Introduction to Time Series

IN2004B: Generation of Value with Data Analytics

Alan R. Vazquez

Department of Industrial Engineering

Agenda


  1. Time Series
  2. Linear Regression Model for Time Series
  3. Models with Seasonality

Time Series

Load the libraries


Before we start, let’s import the data science libraries into Python.

import numpy as np
import pandas as pd
import matplotlib.pyplot as plt
import seaborn as sns
from sklearn.model_selection import train_test_split
from sklearn.linear_model import LinearRegression
from sklearn.metrics import mean_squared_error

Here, we use specific functions from the pandas, matplotlib, seaborn and sklearn libraries in Python.

What is a time series?


  • It is a sequence of observations collected at successive time intervals.

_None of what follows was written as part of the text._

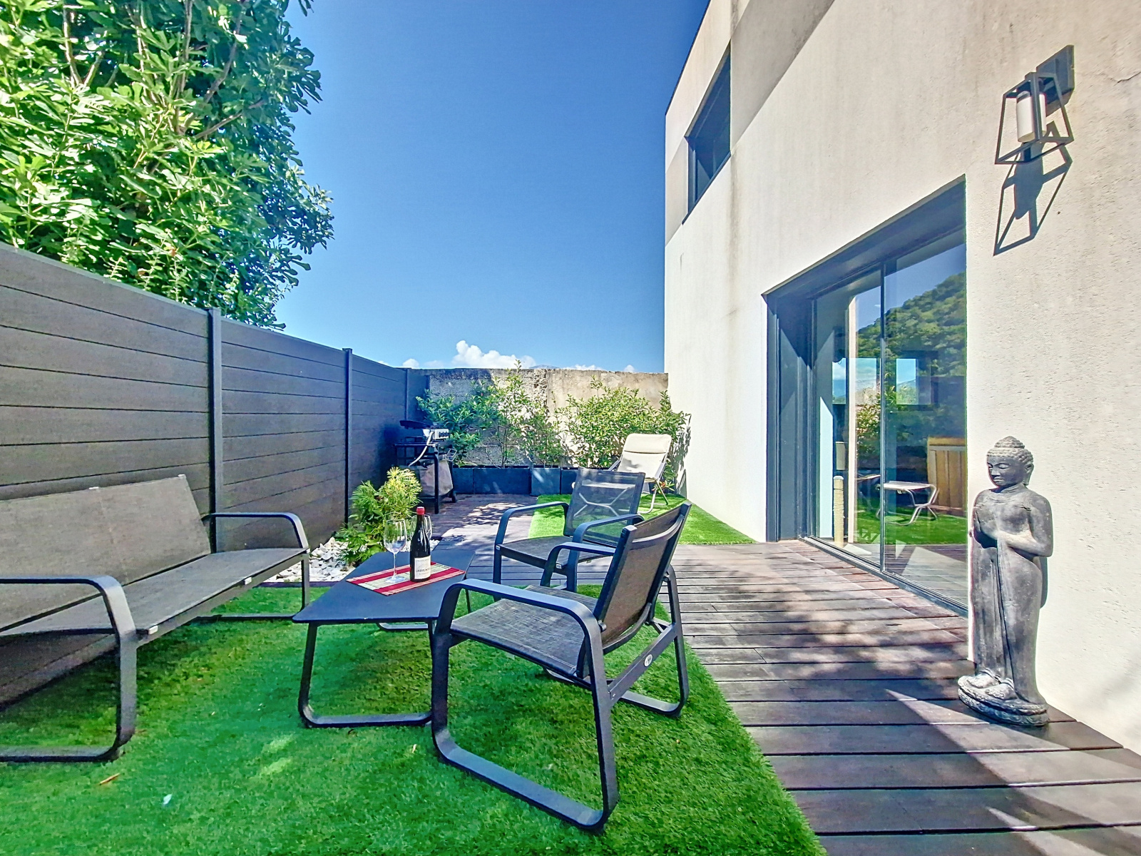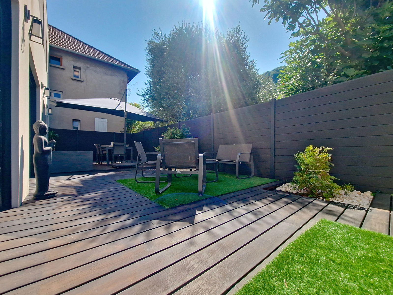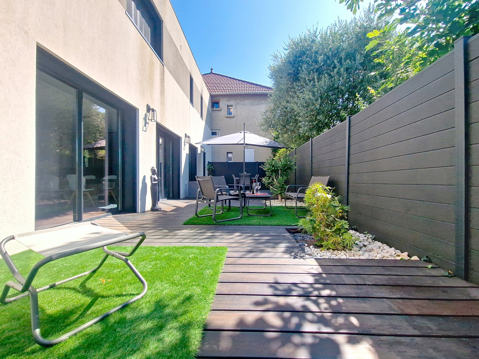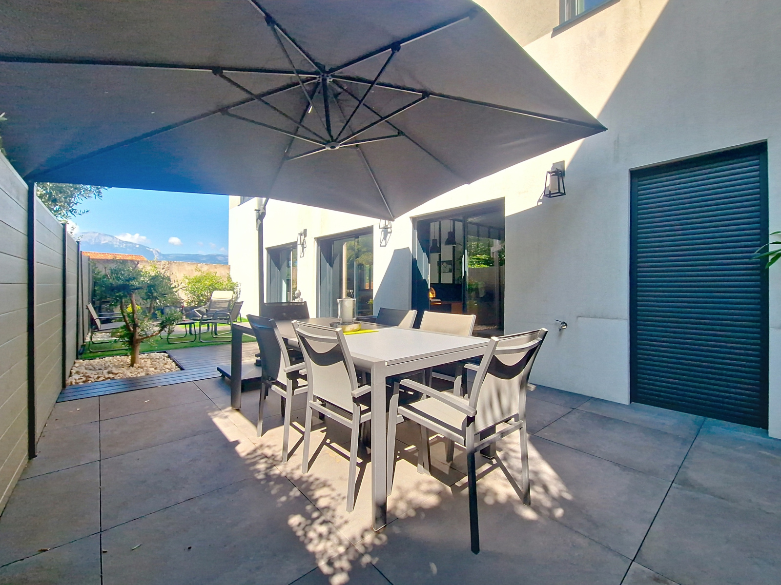 Gières – ancienne grange aménagée par architecte devenue une maison contemporaine mitoyenne de 184 m2 hab sur Terrain de 272 m2 env - 4 chambres + Annexes – grand garage – Vue Chartreuse et Belledonne - Située au cœur de Gières, commune prisée pour sa qualité de vie et sa proximité immédiate de Grenoble, cette maison contemporaine d’architecte séduit par son originalité, ses volumes généreux et ses prestations sur mesure. Un cadre de vie privilégié - À deux pas des écoles, transports (train, tram, bus) et des commerces du centre, cette adresse bénéficie d’un environnement calme et résidentiel, tout en restant parfaitement connectée aux axes principaux. La maison offre une vue dégagée sur la Dent de Crolles et le massif de Belledonne, véritable tableau naturel au fil des saisons. Une architecture lumineuse et inspirante - Derrière sa façade contemporaine se dévoile un intérieur baigné de lumière, pensé pour conjuguer design et convivialité. La pièce de vie principale, vaste et élégante, s’articule autour d’une magnifique verrière sur mesure, offrant un sentiment d’espace et d’ouverture sur le jardin paysagé. Une deuxième terrasse, accessible depuis la cuisine orientée nord-ouest, invite à profiter de la vue sur la Chartreuse. Une chambre est disponible sur ce niveau. Les escaliers, menuiseries et rangements ont été réalisés sur mesure, avec un soin particulier porté à l’esthétique et à la fonctionnalité. Espace nuit et autonomie eu dernier étage : La maison propose 4 chambres avec placards sur mesure, dont une suite parentale avec dressing et salle d’eau privative. Une seconde salle de bain pour les enfants. une pièce au RDC complète le bien avec point d’eau — Confort et équipements : Chauffage par plancher rayonnant électrique et poêle à granulés Flamme Verte avec programmateur. Nombreux rangements intégrés, pensés avec intelligence. Très grand garage et dépendances. Maison mitoyenne, mais parfaitement isolée et ouverte sur ses extérieurs pour préserver l’intimité. Un bien rare à Gières Alliant design, confort et fonctionnalité, cette maison atypique incarne une qualité de vie contemporaine dans un environnement naturel recherché. Un bien rare, idéal pour les familles en quête d’espace, de modernité et de lumière. Accompagnement gratuit et sans frais pour cette étude. Les informations sur les risques auxquels ce bien est exposé sont disponibles sur le site Géorisques : www.georisques.gouv.fr. Sandrine BESSET, statut agent commercial indépendant pour HOMENCY Immobilier - Pour plus d'informations contactez moi au 06 66 69 08 86. SIRET 488 744 343

  • Time series data is commonly used in finance, economics, weather forecasting, signal processing, and many others.

  • Analyzing time series data helps us understand patterns, trends, and behaviors over time, enabling prediction, anomaly detection, and decision-making.

Example 1: Tesla’s stock price


  • Technically, a time series is a set of observations about a (discrete) predictor \(T\) and a response \(Y\).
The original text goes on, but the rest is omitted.